Waymo, a subsidiary of Alphabet (NASDAQ:GOOGL), has been offering paid rides in autonomous cars in the Bay Area, Los Angeles, and Phoenix, spending years amassing millions of miles in testing before acquiring its inaugural permits from the California Public Utilities Commission (CPUC), the authority overseeing ride-hailing operations.
The California DMV, which manages the testing and deployment of autonomous vehicles in the state, informed Reuters that Tesla last reported using its autonomous vehicle testing permit in 2019, which requires a safety driver.
Currently, Tesla does not have and has not applied for a driverless testing permit, according to the agency.
Tesla did not reply to a request for more details.
Regarding its employee ride-hailing service in the Bay Area, the CPUC mentioned that a permit isn't necessary, as employees aren’t classified as passengers.
During Tesla’s robotaxi event on October 10, Musk introduced a two-seat, two-door "Cybercab" devoid of a steering wheel and pedals, which would rely on cameras and AI for navigation.

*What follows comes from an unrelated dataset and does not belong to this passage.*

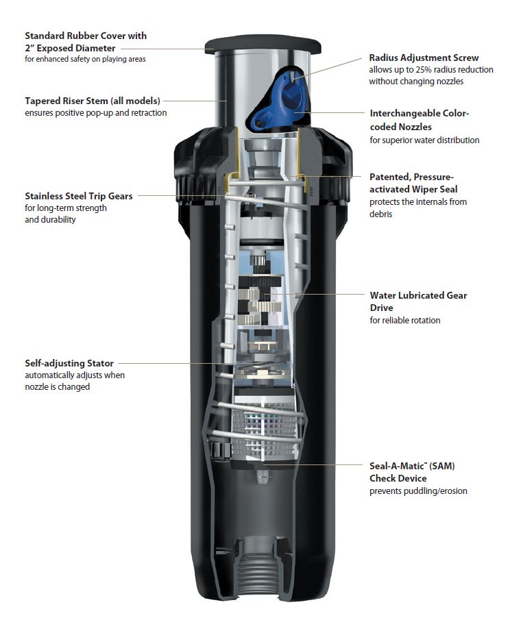 | Toepassing | Universele Pop-Up sproeiers met brede toepassing door toepassing van verschillende type's nozzles in de meest voorkomende siertuinen, parken, sportvelden en evenementen terreinen |

On Wednesday, he recognized the possible challenges in California, admitting, "it's not something we totally control," but expressed confidence, stating, "I would be shocked if we don't get approval next year."
Texas presents a less challenging regulatory environment for autonomous vehicles compared to California; however, companies typically engage in extensive testing before launching paid services.
Tesla's Full Self-Driving (FSD) system, which underpins the company's robotaxi aspirations, has raised concerns among regulators.
Last week, the U.S. National Highway Traffic Safety Administration (NHTSA) initiated an investigation of 2.4 million Tesla vehicles equipped with FSD following four reported accidents, including one fatal incident in 2023.
Despite these challenges, the notion of Tesla initiating a robotaxi fleet led to a 2.3% drop in shares of ride-hailing companies in after-hours trading.